The introduction and consolidation of Donatus' dramatic terminology in the Renaissance occurred through a variety of channels, including commentaries on the six Terentian comedies by such prominent Renaissance figures as Melancthon and Erasmus.15 A significant number of lesser but able scholars also contributed commentaries which attempted to wrest from the plays aesthetic and moral norms applicable to emerging Renaissance ideals.16 The plays of Terence also received considerable attention in the handbooks of grammar and rhetoric, and thus became exemplary for generations of students.17

The extent of Donatus' influence on the Renaissance conception of catastrophe appears great. In commenting on the expression Catastrophe fabulae in his De Adagia, Erasmus, for example, identifies Donatus as his source:

We call the outcome of anything, in proverbial language, the catastrophe or denouement. … Every plot, as Donatus shows, is divided into three parts, protasis, epitasis, and catastrophe. The protasis is the first excitement, swelling as it goes on. The epitasis is a flurry of complications. The catastrophe is a sudden transformation of the whole thing.18

The impact of the Donathusian view can also be discerned in the definitions of catastrophe set forth in English dictionaries of the sixteenth and seventeenth centuries.19 In the mid-sixteenth century, T. Cooper's influential dictionary terms catastrophe a “subversion. Also the latter end of a comedie, and, proverbially, the ende of any thing.”20 Later in the next century, Elisha Coles, in An English Dictionary (1672), laconically reiterates a common view: “catastrophe, the conclusion (of a play).” As with Erasmus' explication of Catastrophe Fabulae (section 1311), the definitions of catastrophe emphasize the association with dramatic endings and with transformation.

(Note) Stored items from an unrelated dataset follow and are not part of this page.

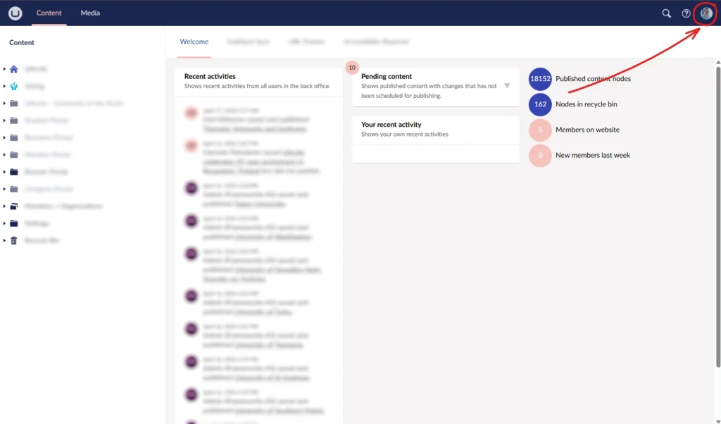 Først logger du på Umbraco på vanlig måte via en egen adresse for innlogging. Dersom du er usikker på hva adressen er kan du ta kontakt med oss i Frameworks, men den er ofte nettsidendin.no/umbraco (erstatt nettsidendin.no med den faktiske adressen til nettsiden din)
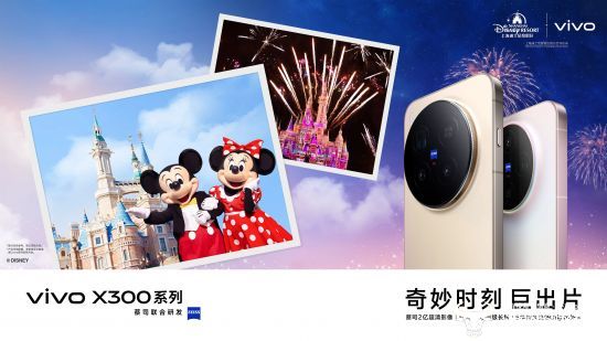 2025 年 10 月中旬起,vivo 手机特别互动体验空间将限时亮相迪士尼小镇——这一毗邻上海迪士尼乐园,集购物、餐饮与娱乐演出于一体的休闲胜地。在互动体验空间内,游客可体验全新 X300系列的前沿影像技术以及趣味互动拍照体验。游园时,无论是记录与挚爱亲友在上海迪士尼度假区共度的温馨时刻,或是捕捉乐园标志性夜间演出“奇梦之光幻影秀”的璀璨光影,vivo X300系列都将助力游客更好地留存每一个精彩瞬间。
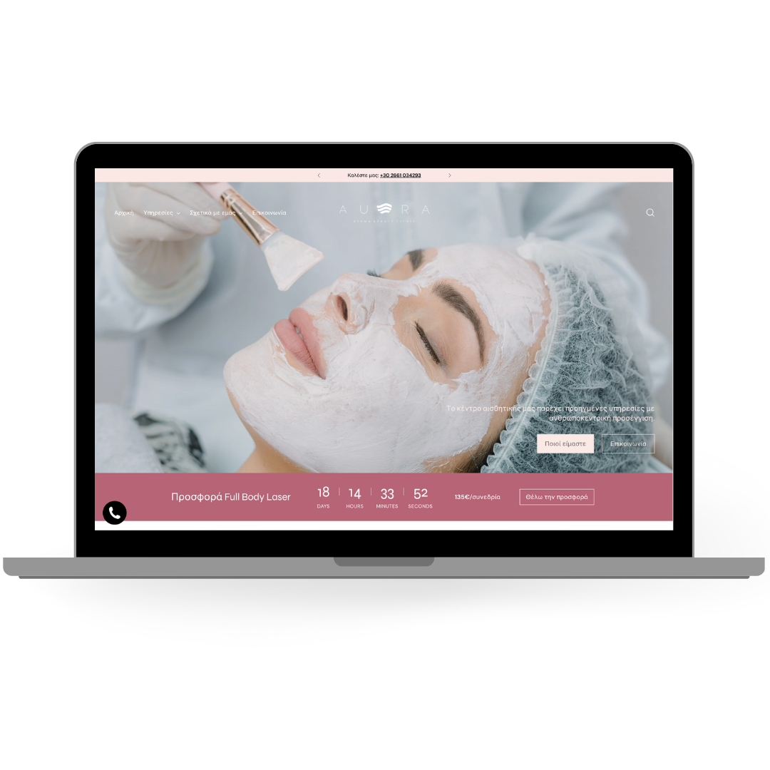 Η κλινική Aura μας εμπιστεύτηκε για τη δημιουργία της εταιρικής της παρουσίας. Στόχος μας, η παρουσίαση όλων των υπηρεσιών της σε minimal σχεδιασμό και custom design.
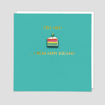 Featuring a colorful piece of birthday cake on a badge, this card comes with an enamel pin badge with a rubber backing, and has been left inside for your own message.
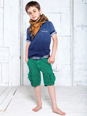 Un esprit citadin avec ce look constitué d'un polo bleu porté sur un bermuda vert à carreaux.
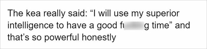 “The kea really said: ‘I will use my superior intelligence to have a good [effin’] time’, and that’s honestly so powerful.”
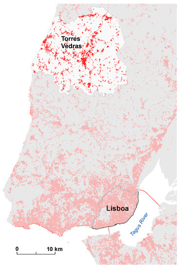 Torres Vedras municipalityis located roughly 50 km north of Lisbon (Figure 1), and it was selected as the study area to conduct this research. The population density in 2011 was 195 inhabitants per sq. km [32]. Torres Vedras is mainly covered by agricultural and forest land, and has been driven by urban pressure over the past two decades. Between 1995 and 2010, artificial surfaces increased by 41% [33].
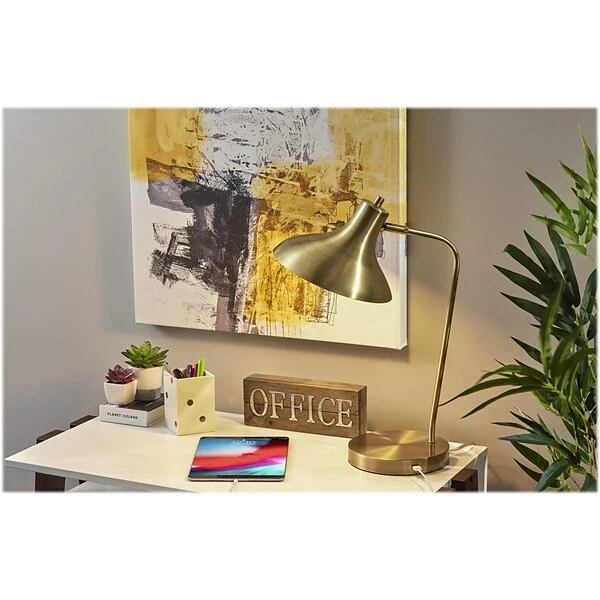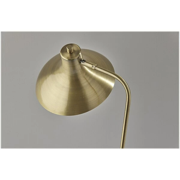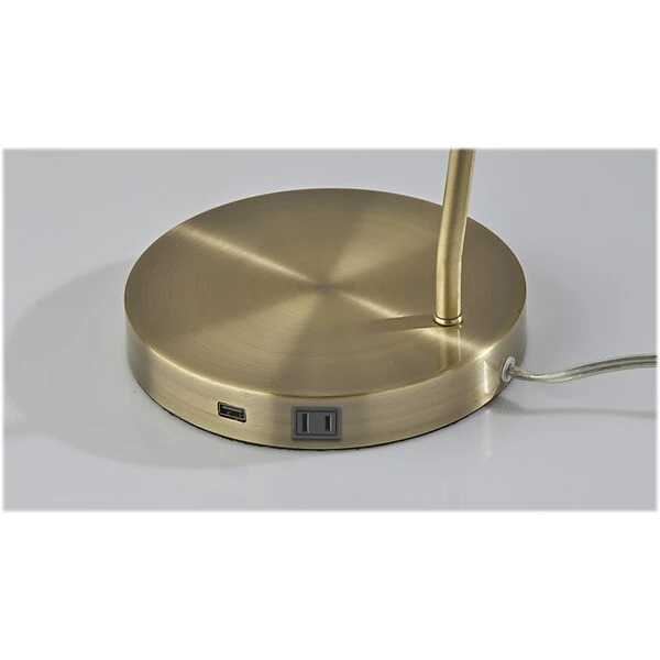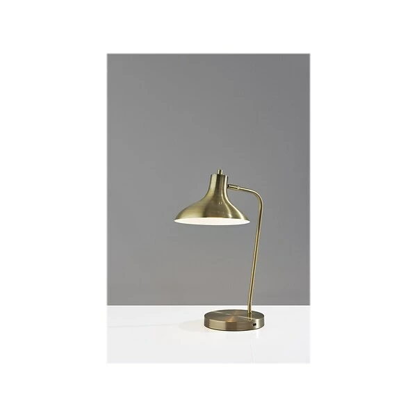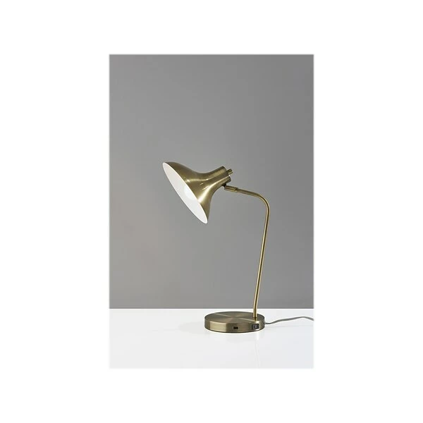 Add a functional and stylish addition to your space with the 19? tall Cleo desk lamp by Simplee Adesso. Its clean, metal design and monochrome look perfectly complement the modern and industrial decor. The lamp features monochromatic metal construction in antique brass finish with a round base and slender stem, while the shade adds an unconventional shape with its large 9.5? oval opening. For directional lighting options, the lamp offers an articulation point at the base of the shade, allowing you to direct the light wherever it’s needed. The lamp also has an AC outlet built directly into its base for convenient access to power right from your desktop. Whether the lamp is turned on or off, the AC outlet will keep working normally. Operated by a rotary switch located on the shade, the lamp powers a 40W incandescent or 16W LED bulb (not included) and features a 5′ clear cord.
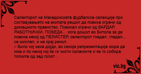 Селекторот на Македонската фудбалска селекција при составувањето на екипата решил да повика играчи од домашното првенство. Повикал играчи од ВАРДАР, РАБОТНИЧКИ, ПОБЕДА… кога дошол во Битола за да повика некој од ПЕЛИСТЕР, селекторот гледал, гледал…се мислел, и на крај рекол:
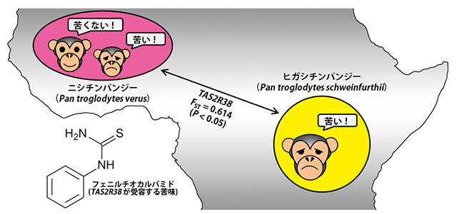 研究グループは、日本全国の動物園や研究施設に協力をいただいて、4種類のアフリカ地域に由来するチンパンジーについて、苦味感覚をもたらす原因遺伝子である苦味受容体遺伝子(TAS2R)の塩基配列の個体差を網羅的に決定しました。その結果、驚くべきことに、TAS2Rのおよそ3分の2の遺伝子型が、地域に特異なものであることが明らかになりました。また、そのような個体差が地域に出現する過程を解析したところ、地域によって異なる自然選択が生じていることが明らかになりました。この結果は、異なる食物環境適応による地域差が、チンパンジーの苦味感覚に生じていることを示しています。
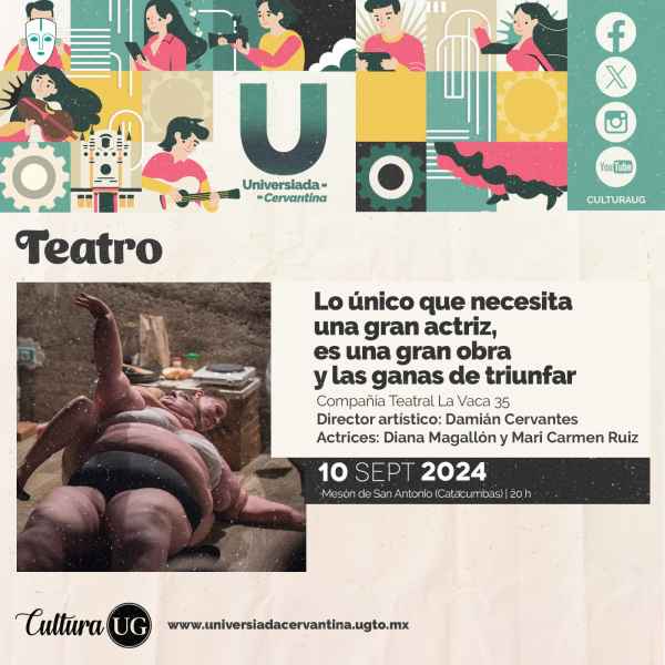 Bajo el título “Lo único que necesita una gran actriz, es una gran obra y las ganas de triunfar” se presenta la Compañía Teatral La Vaca 35 del director artístico, Damián Cervantes, y como actrices Diana Magallón y Mari Carmen Ruiz, quienes se presentarán el 10 de septiembre a las 20:00 horas en el Mesón de San Antonio
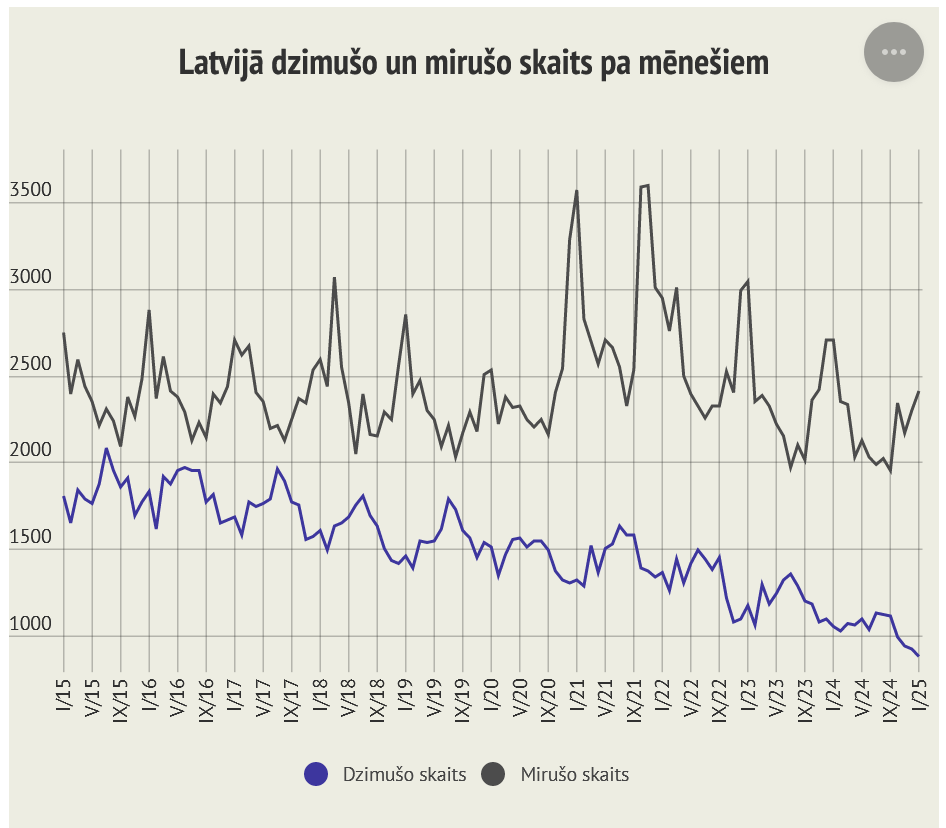 Tādējādi šogad janvārī reģistrēto mirušo skaits par 1527 pārsniedza dzimušo skaitu, kamēr pērn attiecīgajā periodā mirušo skaits par 1652 pārsniedza dzimušo skaitu.

Kenneth Muir, drawing on George Coffin Taylor's Shakespeare's Debt to Montaigne, lists catastrophe as one of the words Shakespeare has likely appropriated from the John Florio translation.21 Though the evidence for a direct link from Montaigne to King Lear seems inconclusive, it is interesting to note the definition given catastrophe in Florio's Italian-English dictionary, first published in 1598: “catastrophe, the conclusion or shutting up of a comedie or any thing else.”22

Renaissance associations continue to inform the writing of the neo-classicists. Having outlined the four-part division of dramatic structure, John Dryden offers a lucid recapitulation of the use and meaning of dramatic catastrophe:

Lastly the catastrophe, which the Grecians called lysis, the French le denouement, and we the discovery or unraveling of the plot: there you can see all things settling again upon their first foundations; and, the obstacles which hindered the design or action of the play once removed, it ends with that resemblance of truth and nature, that the audience are satisfied with the conduct of it.23

While Dryden's seventeenth-century gloss on dramatic catastrophe adds a certain metaphysical and rhetorical dimension, the elements of ending and resolution remain prominent. Indeed, Marvin Herrick emphasizes the consonance that existed between Dryden's view of dramatic catastrophe and that of his predecessors: “Eugenius, in Dryden's Essay of Dramatic Poesy, described the ending of a play in terms that would have satisfied almost any Renaissance student of the drama from Melancthon on.”24

In considering the role of the catastrophe in King Lear, it is important to recall that the Renaissance student of drama was generally able to apply the terms of dramatic structure to tragedy as well as comedy. The virtues inherent in the four-part division of drama, though derived from reflection on the comedies of Terence, transcended the generic particularities of comedy and tragedy. Thus the Italian playwright Giraldi, interested in writing a tragedy, chose as his model Terence rather than the Greeks, “assuming,” writes T. W. Baldwin, “that the Terentian theory of dramatic structure applies as well to tragedy as it does to comedy.”25 Baldwin proclaims the interchangeability of tragedy and comedy with respect to dramatic structure in another context as well: “Aristotle's theory, of course, applied to tragedy; but the Renaissance assumed that fundamentally there was no difference between the dramatic structure of comedy and tragedy.”26 The specific formal dimensions of dramatic catastrophe appeared to apply to tragedy and comedy alike.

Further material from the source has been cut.